Tabada: Face-off

THE Brigada Eskwela brings together a community to prepare public schools for the start of classes in June. Conducted from May 20 to 25 this year, the collaboration pools teachers, parents, line agencies, and other volunteers to make the classrooms ready for classes.

In some areas, efforts are made to check safety and equip the school to respond to disasters and other emergencies. Based on television news coverage of Brigada 2019 activities across the nation, I’ve noted these positive developments.

And one glaring absence. I have not read or viewed any report about the preparation of books and other learning materials to stimulate students, whose numbers have grown since enrollees trooped in for last year’s opening, as administrators attested.
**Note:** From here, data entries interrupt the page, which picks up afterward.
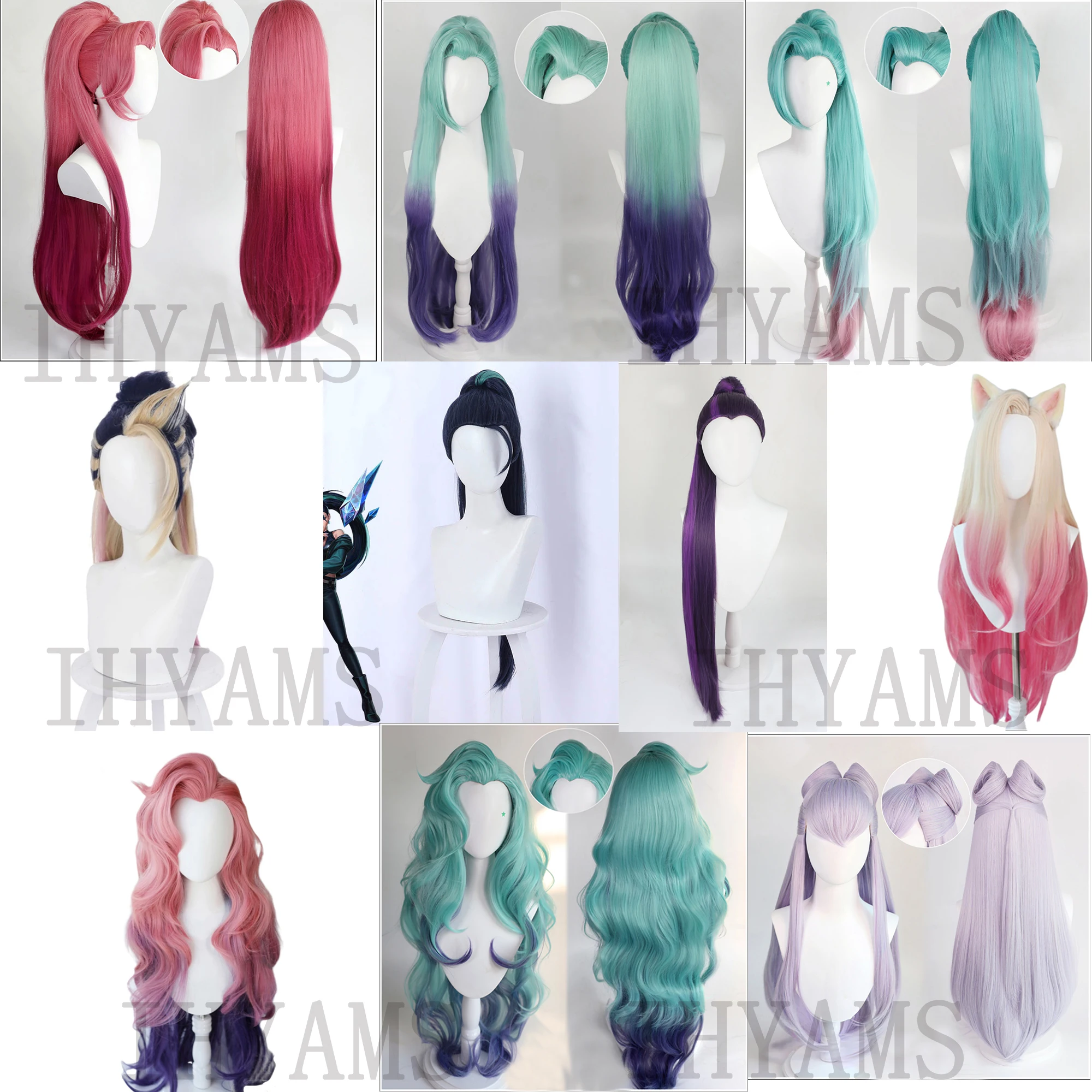 Женский термостойкий парик для косплея, термостойкий парик LOL KDA The Baddest Ahri Akali Kaisa evelkeen Seraphine с шапочкой для костюма
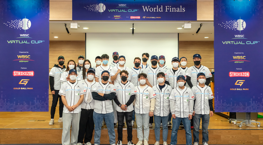 사진1. 골프존뉴딘홀딩스의 삼진홀에서 진행된 WBSC 버추얼컵(WBSC Virtual Cup)의 ‘월드 파이널(World Finals)’시상식에서 대회에 참가한 선수들이 단체 기념사진을 촬영하고 있다.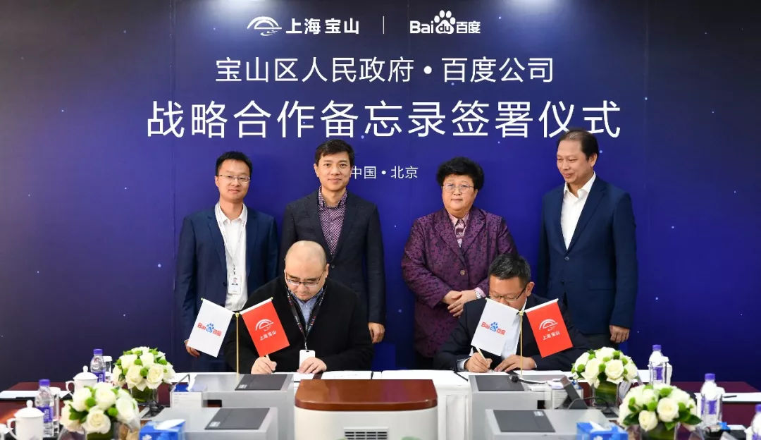 10月31日,百度與上海市寶山區政府簽署戰略合作備忘錄,雙方將共同推動人工智能賦能產業發展,提升城市智能化治理水平,將寶山區打造成為智能城市示範區和人工智能產業集聚高地。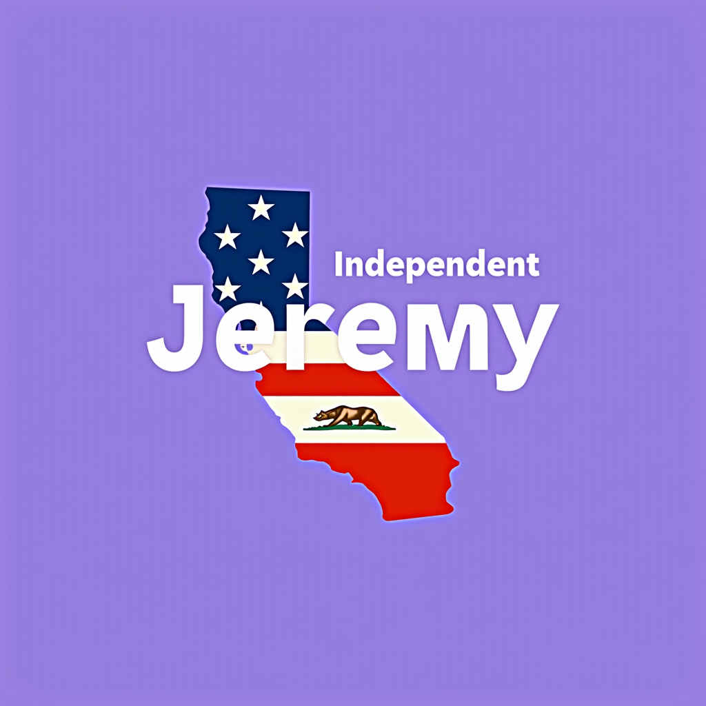 A graphic of the state of California with the American flag pattern, featuring white stars on a blue background at the top and red, white, and green stripes with a bear in the middle. The text reads "Independent Jeremy."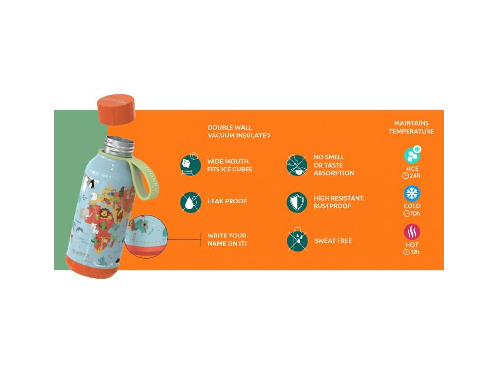 Dětská termoska Quokka Solid Kids z vysoce kvalitní dvoustěnné oceli se spolehlivým, 100% těsnicím uzávěrem udrží nápoj dle potřeby teplý či studený. Široké hrdlo umožňuje vložení kostek ledu. Termoska udrží teplotu studeného nápoje s ledem až 24 hodin, studeného nápoje až 10 hodin a teplého nápoje až 12 hodin. Termoláhev je vybavena poutkem pro snadné přenášení. Na spodní části láhve je prostor pro napsání jména nebo nakreslení obrázku, aby nedošlo k záměně ve školce či ve škole. Objem: 330 ml Rozměry: 177 x 68,5 mm Nerezový materiál neabsorbuje pachy a neobsahuje BPA. Termoska není vhodná do myčky ani mikrovlnné trouby.

A conducive environment is essential for learning. Yet, we must prioritize content over form for education to be meaningful, empowering, and transformative. These adjectives emphasize important and lasting changes taking place in a student not just while she or he is in school but throughout a lifetime.
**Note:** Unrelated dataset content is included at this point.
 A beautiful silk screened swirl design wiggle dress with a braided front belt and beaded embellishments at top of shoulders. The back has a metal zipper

Such changes are more likely brought about by examining and updating libraries and classrooms rather than just repainting school walls and replacing broken pots.

It is not to disparage the collective efforts of parents and teachers to make public schools not just welcoming but attractive for youths entering this June. Many factors beyond the campus are keeping some youths from returning to class.

For one peso, one activates a computer to play online or research for one’s homework in any of the numerous PisoNet vendors proliferating near schools and public places. Too many parents and fellow teachers know from bitter experience that Dota rules.

Last midterm elections, I sat inside a grade six classroom for an hour. While in this holding area waiting with other voters to cast our ballots, I examined, then read and reread the posters, aphorisms, poems, word-for-the-day in English and Filipino, and other learning aids. A teacher labored and spent to come up with these classroom aids.

However, I could not connect this content with a 12-year-old sitting in this classroom for a certain number of hours five days a week for 10 months each school year. From the perspective of a digital native surfing Facebook and YouTube, this classroom will seem at best like a musty collection of artifacts or at worst, a cell.

In a corner of the classroom was a pile of returned textbooks, gathering dust. No novel nor book nook in sight. Lack of classrooms and broken chairs are just the tip of public education woes. The real face-off is with the banality of public learning.